Geçen hafta artık Türkiye’nin de kendine özgü bir logosu olduğunu ve Türkiye’nin tanınmasında bir araç olacağından bahsetmiştik. Ayrıca yalnız logonun yeterli olamayacağını ve içinin doldurulması gerekliliğini söylemiştik. Bu hafta dilerseniz bunu biraz daha açalım istedim.
Logo, sizin hayat felsefenizi simgeleyen yegâne ve tek kimliktir. Yani bir logoyu gördüğümüzde, düşünmeden, o budur bize dedirtecek olan kimliktir logo. İnsanların ürün ve kurum seçmelerinde yol haritasıdır o kurum ve kuruluşların logosu. Bir araba pazarında gözünüz hep Mercedes’in yıldızındadır, bütçeniz yetmese de gönlünüzde olan odur, o logo sizin için bir değeri temsil eder. Telefon almak istediğinizde nasıl elma simgesi bir yol haritası ise. Bunun yanında profesyonel kurumlar kısa ve öz anahtar kelimeleri logolarına eklerler. Mesela Nokia: insanları bir birine bağlayan, Samsung: Geleceği yarat, dünyaya ilham ver, Apple: farklı düşünceler. Acaba bu logonun yanındaki slogan ‘Discover the potential’, bu logo için net bir tamamlayıcı mı?

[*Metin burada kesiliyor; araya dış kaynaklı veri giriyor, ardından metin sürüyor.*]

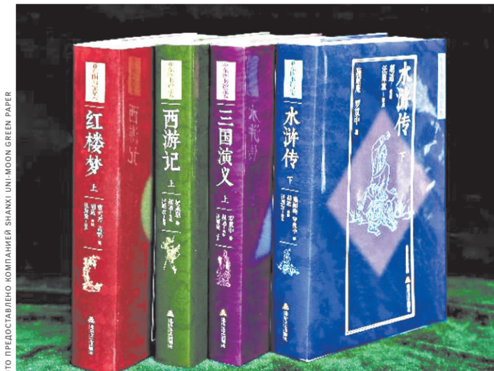
Четыре классических произведения китайской литературы, напечатанные на «каменной бумаге», изготовленной из отходов угольного производства.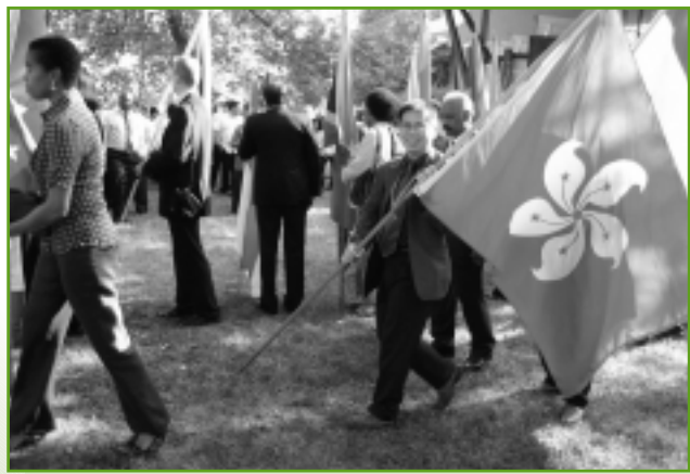
25週年活動進場儀式

在敬拜聚會之中，各人的即場回應，甚至有非洲的姊妹自由地跟隨詩歌起舞，我起初並不太習慣，但最後也正如坐我旁邊的德國牧師所言：我很想念她們的跳舞！是的，非洲弟兄姊妹在文化晚會，不用樂器，以男女對唱的形式唱出他們的詩歌，也只是兩句歌詞「What kind of Church is it? It is a Holy Spirit (Ghost) Church」，已經使全場和應。當然，還有巴西的代表，他們在台前讀出耶穌在井旁談道的故事，而台後就用不同的色彩，來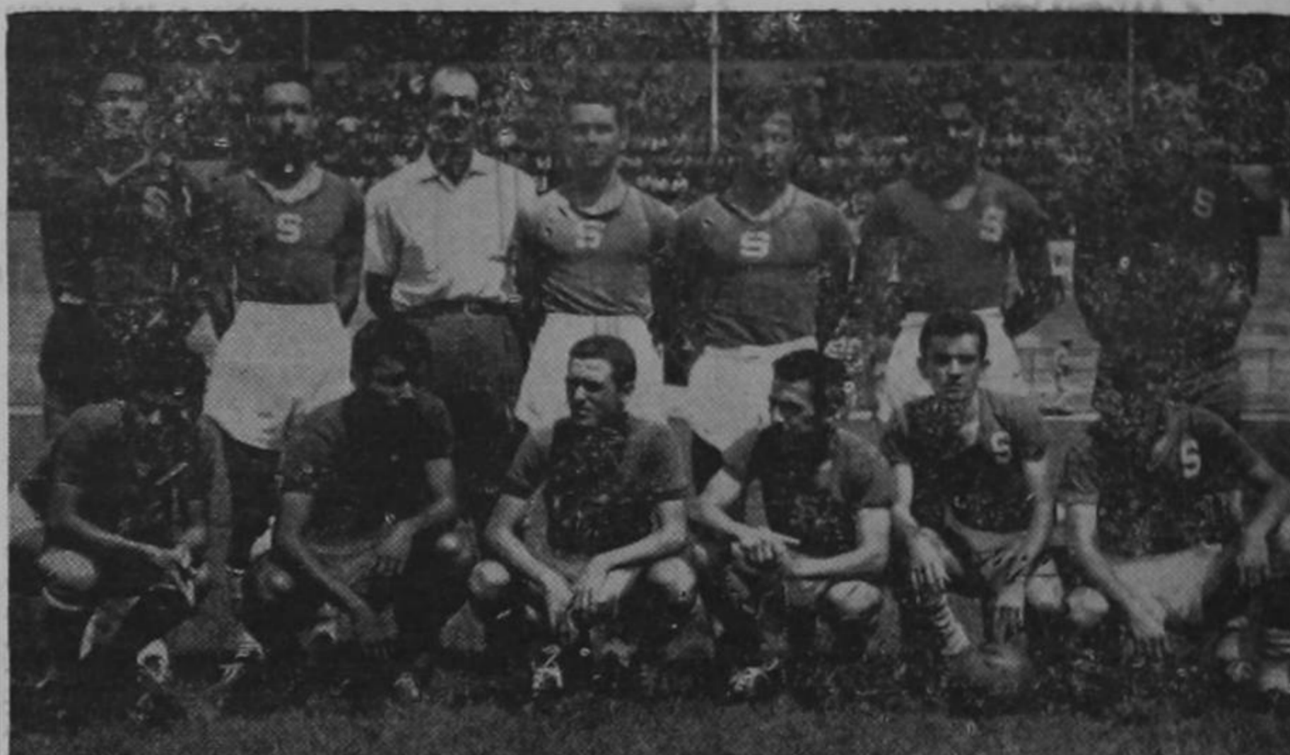
Deportivo Saprissa. Quedará eliminado, o saldrá por la puerta grande.

cantidad de jóvenes que han abandonado "otras actividades" para integrarse al mundo ciclista, lo que indudablemente redundará en su beneficio. Nuestro colega José Cornejo que estará presente mañana en la carrera, nos ha prometido una interesante crónica, que en nuestra próxima edición haremos pública.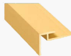
Esquinero Exterior A560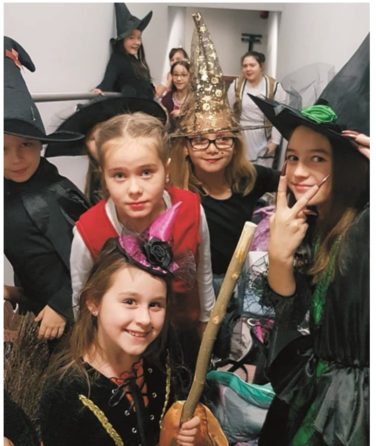
Za kulisami pełna gotowość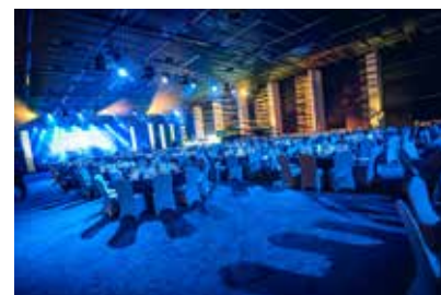
Sale balowe MCK w Katowicach

BĄDŹ Z NAMI PODCZAS NAJWIĘKSZEGO W POLSCE WYDARZENIA SKUPIAJĄCEGO POLSKIE FIRMY RODZINNE!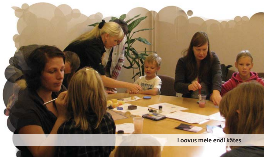
Loovus meie endi kätes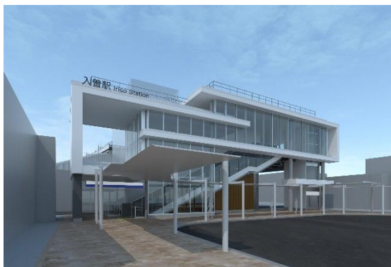
東口外観（イメージ）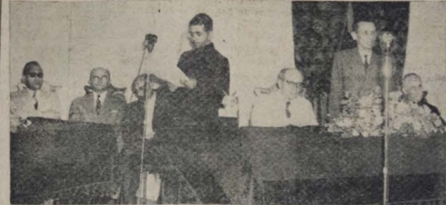
FLAGRANTE APANHADO ONTEM, NA ACADEMIA PARAIBANA DE LETRAS

Compareceram o governador José Americo de Almeida e outras figuras da maior expressão dos círculos intelectuais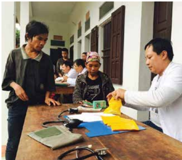
Thăm và tặng quà đồng bào dân tộc Chứt tại Hương Khê, Hà Tĩnh

- Chủ động xây dựng kế hoạch hoạt động Tết Nguyên đán Bính Thân 2016 và trình xin ý kiến chỉ đạo của Thường trực Đảng ủy TCT để triển khai.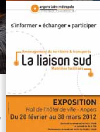
L'affiche de l'exposition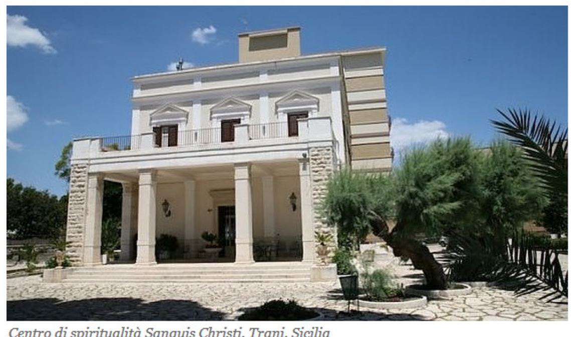
Centro di spiritualità Sanguis Christi, Trani, Sicilia

L'iniziativa del portale dell'ospitalità religiosa. Conventi, monasteri e strutture religiose aprono le porte per consentire una piccola vacanza estiva anche a persone in difficoltà. Ecco come funziona, in 50 strutture tra Roma e Assisi, ma anche tra mare e montagna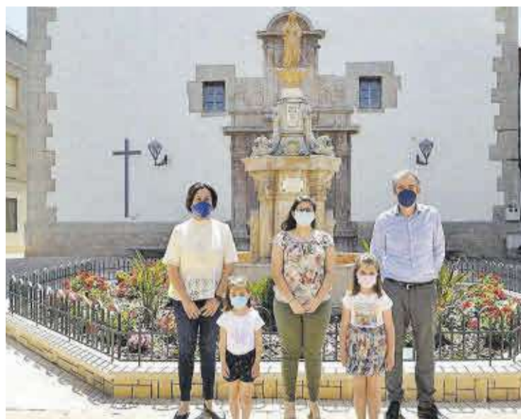
La futura reina de las fiestas y sus damas, junto a las autoridades locales.

La banda de música SUM Santa Cecilia de Moncofa también tendrá protagonismo en la semana de fiestas, con la celebración de un concierto en la plaza de la Constitución, y por lo que respecta a la Coral

Ülkeler kendilerini uluslararası pazarda tanıtırken, yabancı şirketleri kendi ülkelerine yatırım yapması için cazip kılarken, en belirgin özelliklerini ortaya çıkarmak isterler. Bunlardan en önemlileri genellikle, bulunabilir profesyonel istihdam, istihdamın konuşulabilir birçok dile vakıf olması, istihdamın alabileceği eğitimin seviyesi. Burada ülkedeki üniversitelerin tanınmışlığı, dünya sıralamasındaki yerleri çok önemlidir. Ayrıca şirketler, kendi bünyelerinden yöneticileri de yeni bir ülkeye gönderiyorsa, o ülkenin yabancılara bakış açısı, çok dilli eğitim veren kurumların olup olmaması, sosyal ve kültürel faaliyet alanlarının gelişmişliği, yaşam alanları, trafik, sağlık ve güvenlik vs. Birçok konu gündeme gelebilmektedir. Tabi bunların yanında ulaşım ve alt yapı olmazsa olmazları dır yatırımcıların. Yani yalnız ve yalnızca ucuz işgücü yeterli değildir birçok yatırımcı için, zaten tek başına ucuz işgücü için gelenlerde daha ucuzunu buldukları an terk ederler sizi.
Hollanda
Geçenlerde Hollanda da idim, logo tanıtımından sonra. Bu ülkenin kendisini nasıl tanıttığını merak ettim. Hollanda kendisini şu yedi başlıkta dünyaya lanse ediyor ve yatırımcıları ülkelerine davet ediyorlar:
1. Avrupa’da stratejik bir lojistik lokasyon oldukları için,
2. Vergilendirmede daha fazla avantajlar sağladıkları için,
3. Mükemmel bir alt yapıya sahip oldukları için,
4. En elverişli ar-ge çalışmalarının yapılabileceği eğitim kurumları olduğu için,
5. Uluslararası ticaret ve düşünce kabiliyetleri olduğu için,
6. İşini bilen ve seven bir toplum oldukları için en son olarak da,
7. Yaşanması en güzel bir ülke oldukları için yatırımcıların ülkelerini tercih etmeleri gerektiğini düşünüyorlar. Bu konuda iddialı oldukları gibide gayet başarılılar. Birçok uzak doğulu ve kuzey Amerikalı firmaların avrupa merkez ofisleri veya lojistik hatları Hollanda da bulunuyor.
Ayrıca iddia ettikleri şeyleri de yerinde gösterebiliyorlar. Tabi bunu rakamlarda da bulmak zor olmuyor. Konya kadar toprağı olan, İstanbul kadar nüfusu olan bir ülkeden bahsediyoruz. İhracat hacimleri yılda 380 milyar dolar civarında ve ayrıca kendilerine özgü Philips, Unilever, Akzo Nobel, Shell, ING ve KLM gibi dünya markalarına sahipler. Ve bu ülkenin kendine has tek bir logosu yok, size de ilginç gelmiyor mu?